A perfect storm of errors and bad luck strained, but did not break, the composure of an immigration judge at a recent hearing attended by some members of the CIS staff. (We are going to blur some minor details to protect the identities of the players.)
It was an example of how difficult it can be to provide justice on the mass basis that has been caused by the huge backlog in the immigration courts, often described by our colleague Andrew R. Arthur. It also showed how the courts' resources can be wasted in individual cases.
The first thing we noticed as we entered the room was the absence of the DHS lawyer; the interpreter was in place, as were the asylum applicant and her lawyer. The judge arrived shortly thereafter and noticed the absence. After a few minutes, a staffer arrived saying that there had been a mix-up and that he would try to find a lawyer; 20 minutes later he showed up again saying that a lawyer had been located, but that it would be another 20 minutes before that person had a chance to get familiar with the file.
There are five essential players for hearings like this one: the judge, the alien, the latter's attorney, and the lawyer for the government; in many cases, as in this instance, an interpreter is needed, too. If one of the five is missing, nothing substantive happens.
So we all waited, and waited.
Later, when both lawyers were present, and after the government lawyer explained the nature of the mix-up, the alien's lawyer approached the bench with a single sheet of paper that related to the case. What an attorney is supposed to do under these circumstances is to give a copy of the document to opposing counsel, to give another to the judge, and to keep a third. That is not just a courtesy, it is demanded by the court's rules.
The judge gently chided the offending attorney and then — given the lack of a clerk in these proceedings — the judge got up, crossed the room, and used a copy machine to make the needed number of copies. Everything, again, came to a stop.
The judge, noting the loss of an hour at this point, asked the two lawyers how long their presentations would take. The alien's lawyer said an hour and a half, which was greeted by a judicial raised eyebrow, and the government lawyer said it depended on what the first lawyer had to say. The judge added that there would be an oral decision, and that this sometimes took an hour.
Then the judge turned to the matter that had caused a postponement of the case the prior month, the question of whether the alien could understand the proceedings. There appeared to be two problems: what language or languages would be needed, and whether or not the woman had a properly installed hearing aid.
It was stated that the applicant, a native of Country A, and a long-time resident of Country B, understood presentations better in Language A, but was better able to express herself in Language B. So the judge had arranged, and this is either highly unusual or unique, to have two court-appointed translators present, one for each language.
The judge then tried a couple of different approaches. First, Interpreter A whispered in the ear of the alien, and translated the answers; then Interpreter B played that role. The judge sensed that neither approach was working.
The judge then moved on to the matter of a hearing aid. A letter from some kind of hearing professional was introduced; that person had an office about 200 miles from the alien's residence. Why use someone so distant, the judge asked, and the first reply was not (to me, at least) very convincing and the second reply was completely different from the first.
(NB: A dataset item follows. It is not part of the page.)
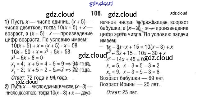 Ответ на задание 106 Учебник Алгебра за 9 (девятый) класс Кузнецова, Муравьева, Шнеперман 2015 онлайн и без номера телефона.
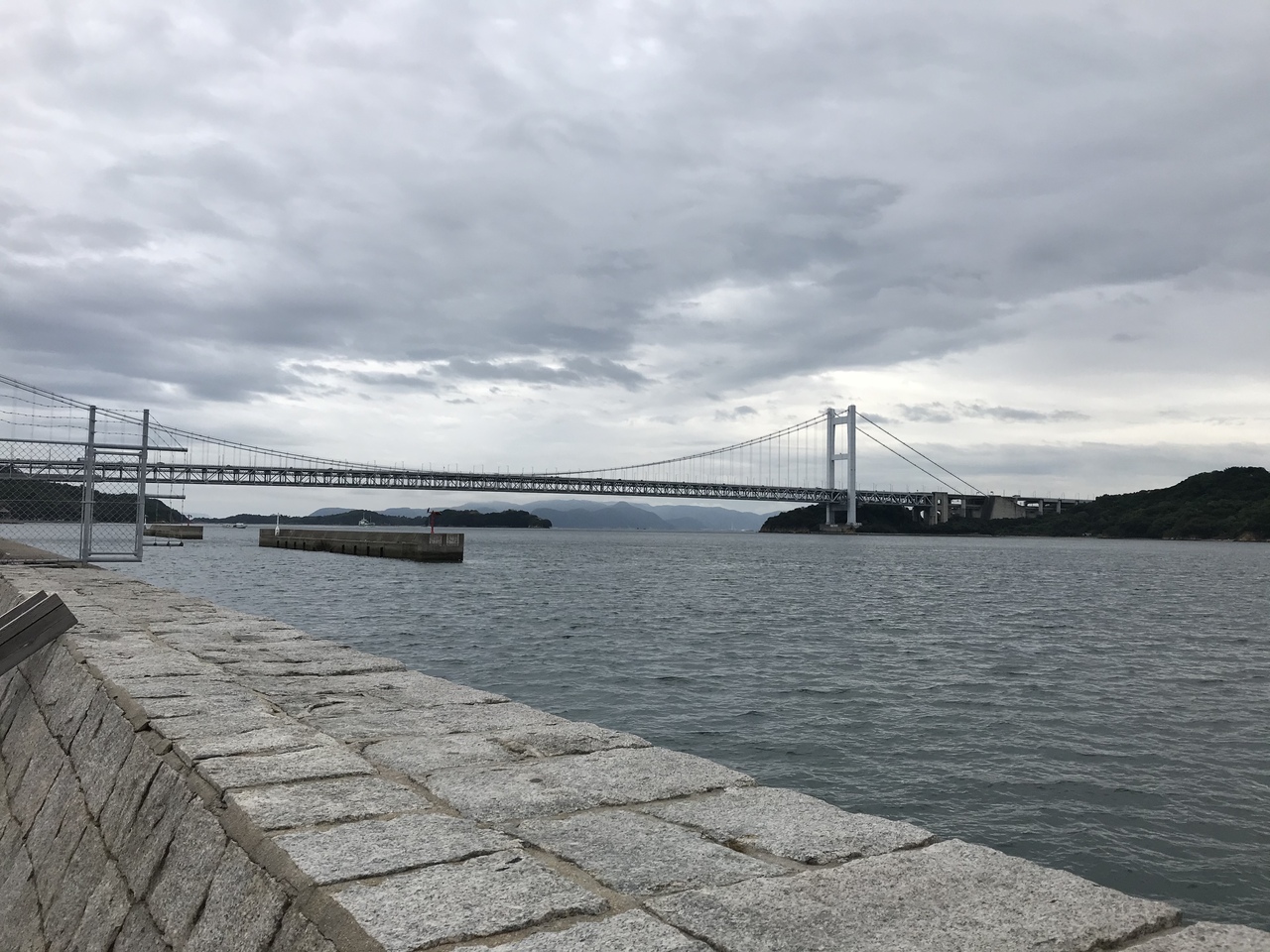 潮の風を感じながら静寂な古い町並みの残る旧街道を歩き、その先には瀬戸大橋を下から眺める光景がある。- 旅行時期

As to the hearing aid, the alien said that she had had one for seven years. "How often have you used it?", the judge asked. "Maybe twice" was the response.
The judge at this point showed the slightest level of irritation, aimed mostly at the alien's lawyer, saying that the court had already postponed the case once to solve the understanding problem, that the court had provided two interpreters this time around, and that all of these moves were designed to protect the alien's rights — but there were still problems.
Then the judge did something unexpected, letting us know that the judge spoke Language A and that it was clear to the judge that the alien was not understanding the proceedings. The judge called for another postponement, saying that this was the last time this would happen, and implied that if the understanding problem was not cleared up, the alien would lose the case. Asylum applicants have the burden of proof in these circumstances.
Later, in response to my question, the judge told me what I expected to hear: that the case had not been assigned to this judge because of this judge's linguistic skills, and there never are such assignments. Everything is recorded in English.
My sense is that asylum applicant and her lawyer fell down on the job of working through the hearing problem, and were extremely lucky in the judge that they drew for the case. Either that or the applicant was so stubborn in her reaction to the hearing aid as to undermine her own cause. Or both. No one in the courtroom quite said any of these things.
Further, the woman has lived in the States for at least 15 years, but no one asked if the proceedings could be conducted in English. Nor did the alien volunteer any comments in English.
The case was an exception. Most merits hearings like this one are finished in an hour or two, and there are few postponements once a merits hearing starts. But this one collected just about as many preliminary problems as one could possibly imagine, and maybe more.